The On-site Field Safety coordinator should work to create a climate within the field team where relatively minor misconduct and conflicts are addressed in a constructive manner before being allowed to escalate to the point where they may undermine individuals’ safety or the ability of the team to accomplish their objectives effectively. In the field it is imperative to address any problems, real or perceived, early to prevent increasingly bad situations. Often an issue is a misunderstanding. Often there is not a “bad person” involved, just a personality conflict or unconscious action which can be resolved if brought to the proper attention. Team members should not “suffer in silence”.
A permanent employee at UTIG will be designated to serve as the UTIG Field Safety Coordinator, a point of contact to help ensure quick communication of incidents that occur in the field. A field team may designate a responsible and available person to serve as the coordinator for a specific project, or else this position will fall to the chairperson of the UTIG Field Safety Committee. The UTIG coordinator will be responsible for communicating relevant information regarding reporting procedures to the On-Site Field Safety Coordinator before the field experience, maintaining contact with the On-Site Field Safety Coordinator in the event of an incident, and contacting the appropriate office(s) in the event of an incident. Students and other team members will be made aware of the UTIG Field Safety Coordinator’s identity and contact information here on this form, during their pre-departure meetings and any updated communications in the field.
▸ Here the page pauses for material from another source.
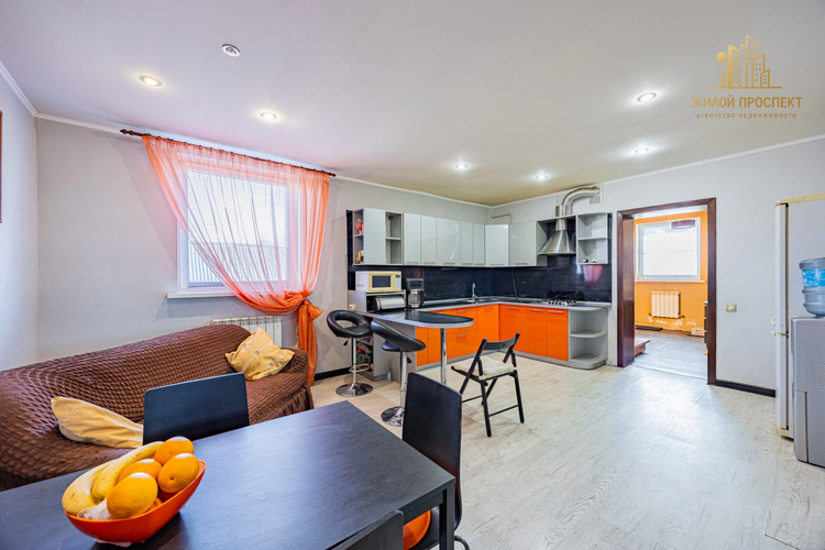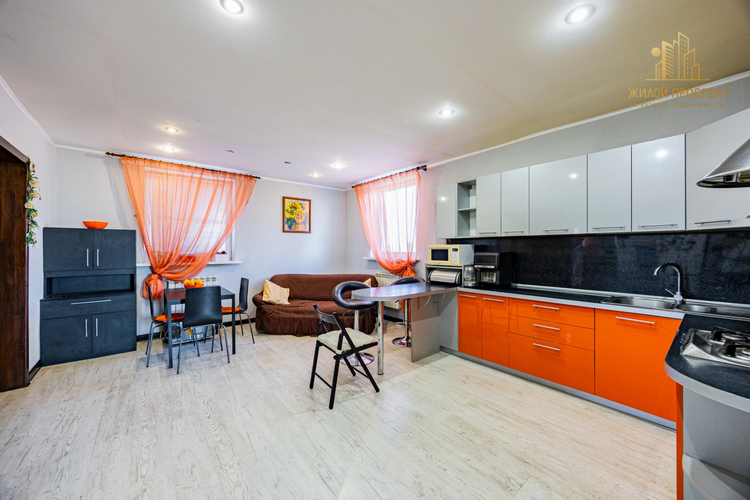 На первом этаже: просторная веранда, прихожая, гостиная (детская), спальня, хорошая кухня (12 м2). Вся кухня оснащена кухонным оборудованием, бытовой техникой, всем необходимым для готовки и времяпровождения с семьей. Совмещенный санузел, котельная.

Team members are free to report misconduct or Title IX violations that occur in the field directly to the UTIG Coordinator if they prefer or if it is the On-site Field Coordinator who is responsible for the misconduct. A third option is to file a Title IX report directly with UTIG’s Title IX Coordinator.
In addition, UTIG’s internal reporting system (see Section 5: Informal Reactions of this code of conduct) is another tool that field team members can use to report incidents or address conflicts that occur in the field. If the incident does not fall under Title IX, University non-discrimination policy, or serious fraud or scientific misconduct, this option allows a team member to file an anonymous complaint and potentially resolve the conflict by mediation within a restorative justice framework.
A special reporting responsibility for field personnel which is not present in the office environment is each team member’s responsibility to alert the Safety Coordinator if a personal problem or health issue arises which may endanger the safety of other persons or the success of the field project. For example, a health problem should not be allowed to deteriorate to the point of a medivac which endangers everyone involved. These and other issues with such an impact should be dealt with early and a non-emergency extraction plan developed if appropriate.
On-site Field Safety Coordinator:
This person is with you in the field and should already be known to you.
USA phone: _______________________________________
Local or satellite phone:_____________________________
UTIG Field Safety Coordinator:
This person is at UTIG but prepared to respond to reports from the field.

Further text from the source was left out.